▶ Work instructions
Each line in the material below, starting at the one with "新郎から新婦へ12本のバラを贈り、ゲストの前でプロポーズをするセレモニーです" and ending at the one with "단순한 여행 정보가 아니라", is to be reproduced exactly; no picture is to be copied.

▶ Dataset extract
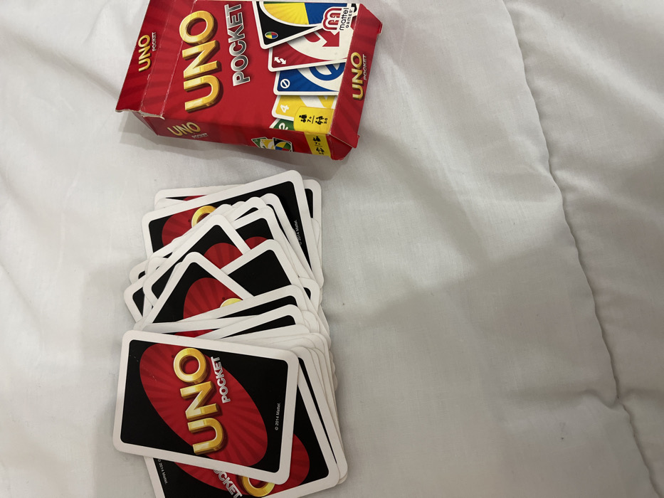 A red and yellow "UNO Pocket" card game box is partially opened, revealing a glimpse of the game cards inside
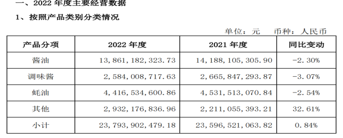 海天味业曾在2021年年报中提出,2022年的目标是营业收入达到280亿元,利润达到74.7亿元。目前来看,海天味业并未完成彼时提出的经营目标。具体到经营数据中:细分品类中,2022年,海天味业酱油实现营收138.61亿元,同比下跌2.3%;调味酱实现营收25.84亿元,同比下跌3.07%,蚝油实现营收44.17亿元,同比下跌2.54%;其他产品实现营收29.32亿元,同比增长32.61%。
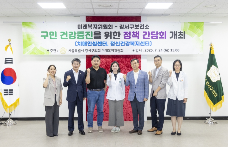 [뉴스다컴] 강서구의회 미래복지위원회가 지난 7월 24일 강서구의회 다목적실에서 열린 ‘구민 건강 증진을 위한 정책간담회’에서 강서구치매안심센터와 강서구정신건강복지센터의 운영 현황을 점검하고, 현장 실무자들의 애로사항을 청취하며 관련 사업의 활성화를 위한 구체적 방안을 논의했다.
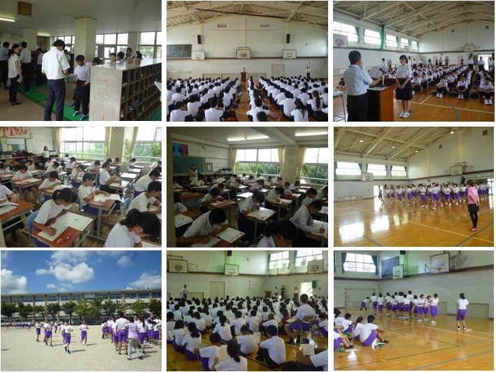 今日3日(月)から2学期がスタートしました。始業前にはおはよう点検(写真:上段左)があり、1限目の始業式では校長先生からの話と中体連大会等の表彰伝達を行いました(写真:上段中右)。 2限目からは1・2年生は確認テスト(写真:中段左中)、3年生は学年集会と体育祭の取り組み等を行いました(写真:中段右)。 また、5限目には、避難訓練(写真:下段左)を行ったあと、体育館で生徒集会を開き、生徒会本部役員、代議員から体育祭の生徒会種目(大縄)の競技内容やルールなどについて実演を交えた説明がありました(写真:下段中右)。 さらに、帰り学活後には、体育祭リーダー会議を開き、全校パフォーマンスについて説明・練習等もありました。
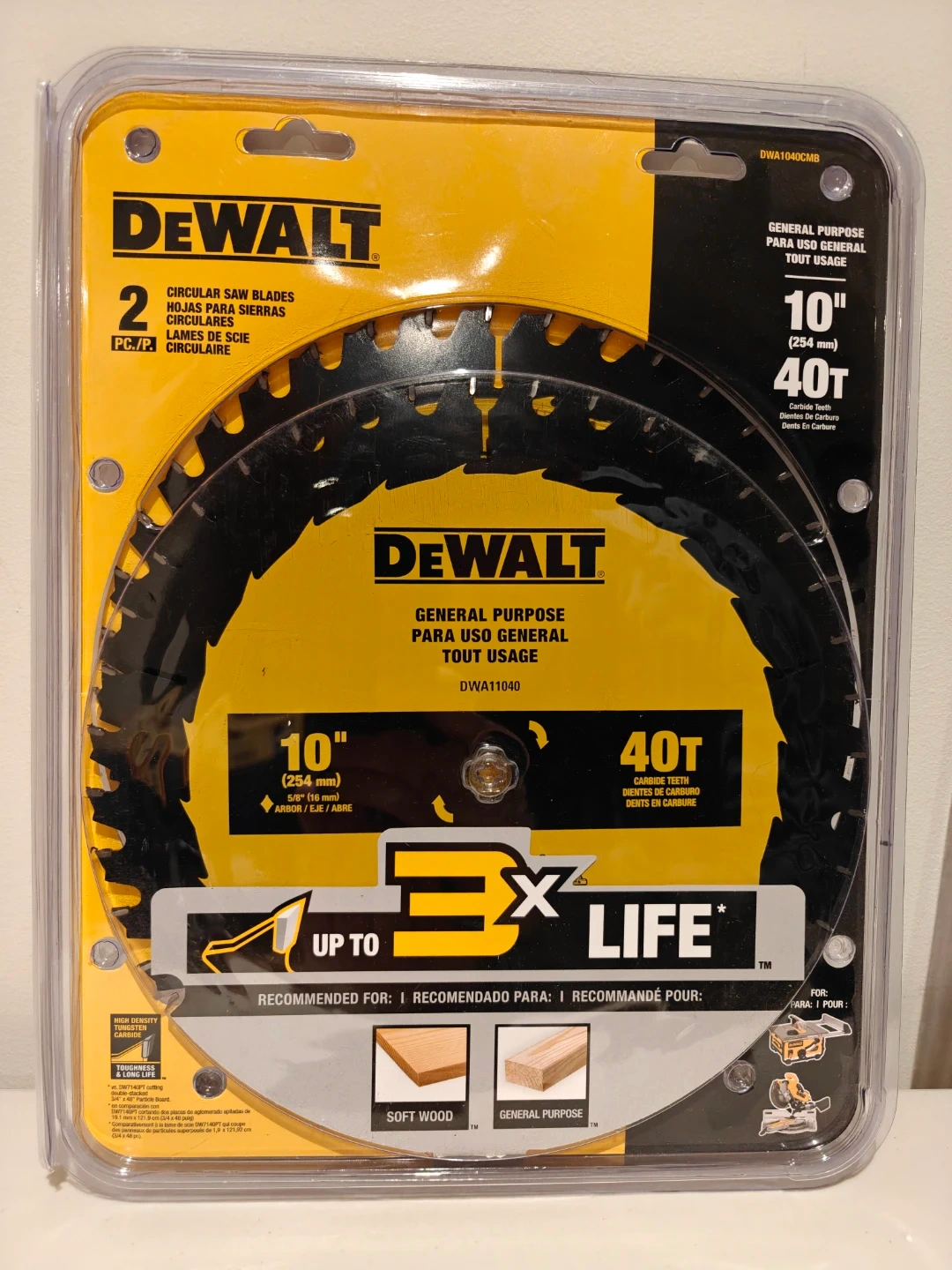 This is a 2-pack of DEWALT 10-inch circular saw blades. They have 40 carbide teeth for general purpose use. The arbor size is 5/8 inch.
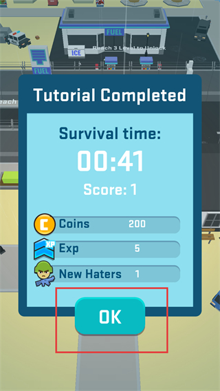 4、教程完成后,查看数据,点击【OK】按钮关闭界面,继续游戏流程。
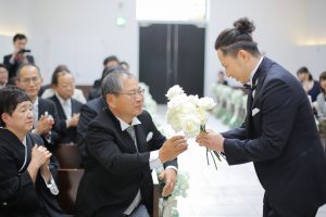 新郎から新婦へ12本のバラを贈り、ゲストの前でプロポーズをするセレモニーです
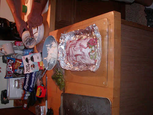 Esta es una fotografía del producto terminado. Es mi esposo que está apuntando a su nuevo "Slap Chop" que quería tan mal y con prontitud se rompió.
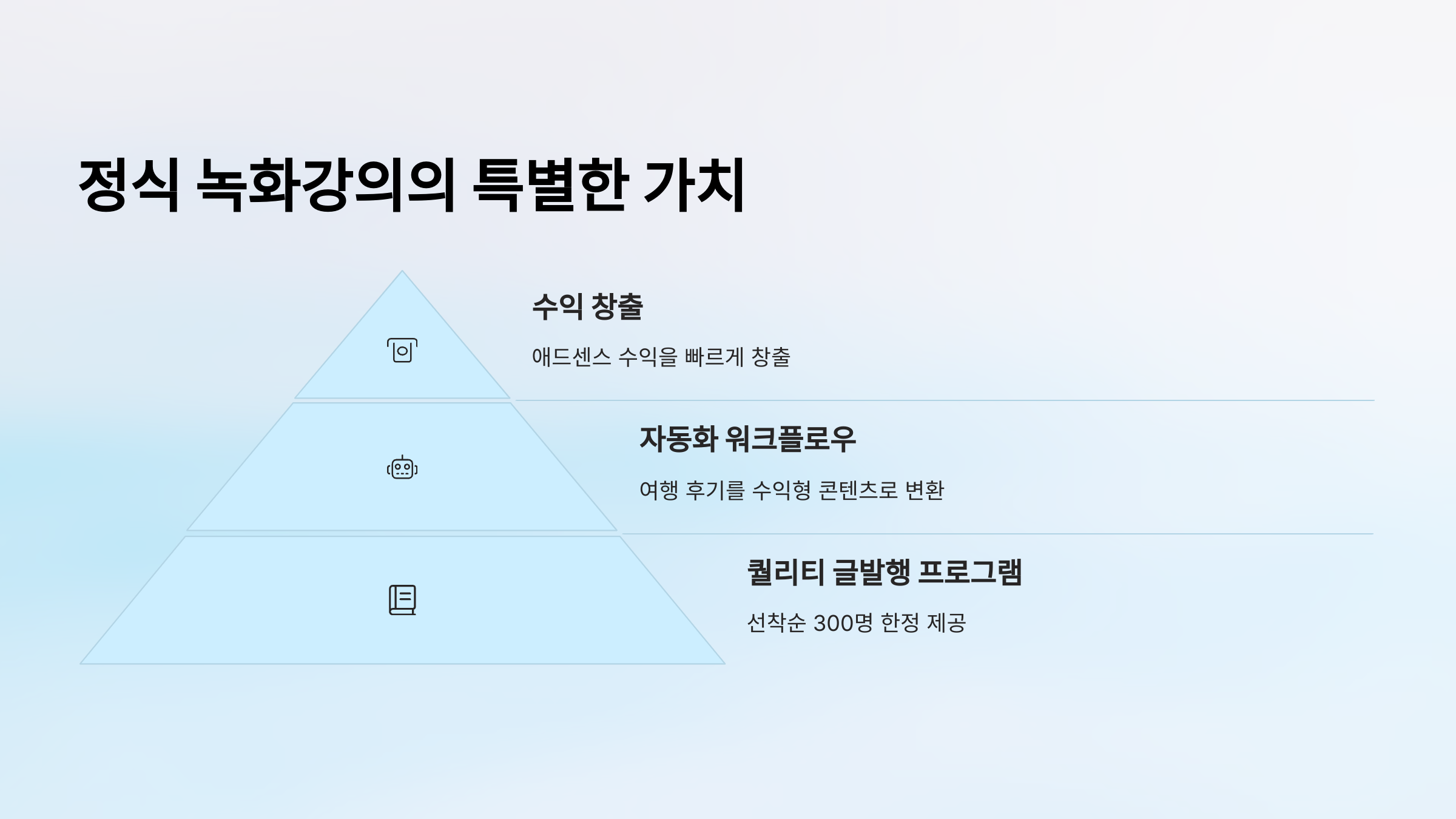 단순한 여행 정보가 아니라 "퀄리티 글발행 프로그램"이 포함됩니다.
--
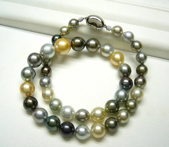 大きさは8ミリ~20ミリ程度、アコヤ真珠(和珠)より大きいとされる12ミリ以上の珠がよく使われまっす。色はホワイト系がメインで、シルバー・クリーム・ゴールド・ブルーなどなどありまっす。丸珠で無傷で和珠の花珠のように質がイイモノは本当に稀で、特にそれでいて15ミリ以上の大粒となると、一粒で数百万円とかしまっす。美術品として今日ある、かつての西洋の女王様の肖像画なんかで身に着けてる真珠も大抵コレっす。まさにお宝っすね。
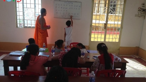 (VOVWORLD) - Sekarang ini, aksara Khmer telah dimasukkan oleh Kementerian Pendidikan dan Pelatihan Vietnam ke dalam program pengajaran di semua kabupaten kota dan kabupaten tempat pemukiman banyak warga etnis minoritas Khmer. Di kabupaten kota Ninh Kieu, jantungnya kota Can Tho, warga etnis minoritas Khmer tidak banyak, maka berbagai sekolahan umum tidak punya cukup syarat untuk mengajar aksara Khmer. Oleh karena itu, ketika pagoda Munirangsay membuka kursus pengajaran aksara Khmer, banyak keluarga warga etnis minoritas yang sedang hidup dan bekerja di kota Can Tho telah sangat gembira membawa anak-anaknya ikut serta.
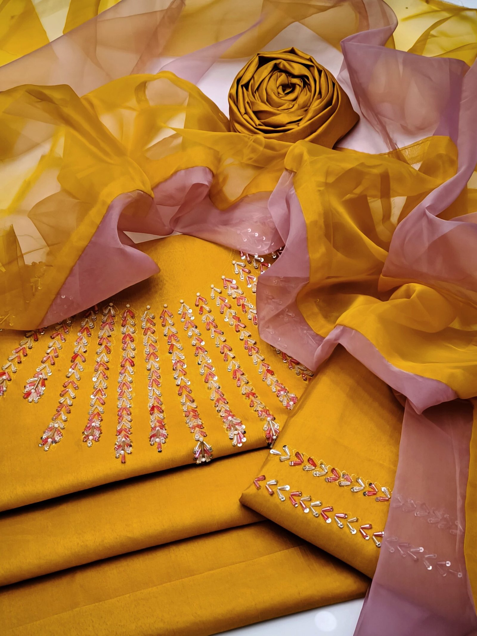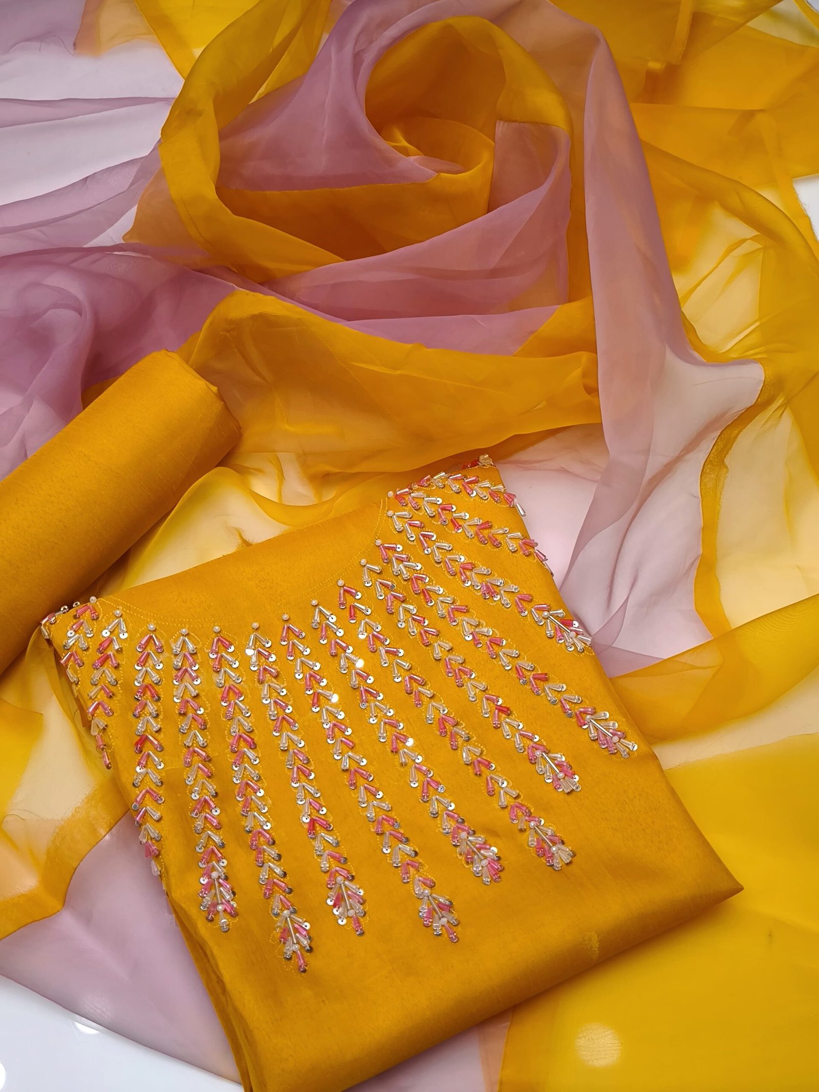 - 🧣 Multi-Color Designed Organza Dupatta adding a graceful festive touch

▶ Response to this task
 新郎から新婦へ12本のバラを贈り、ゲストの前でプロポーズをするセレモニーです
 Esta es una fotografía del producto terminado. Es mi esposo que está apuntando a su nuevo "Slap Chop" que quería tan mal y con prontitud se rompió.
 단순한 여행 정보가 아니라 "퀄리티 글발행 프로그램"이 포함됩니다.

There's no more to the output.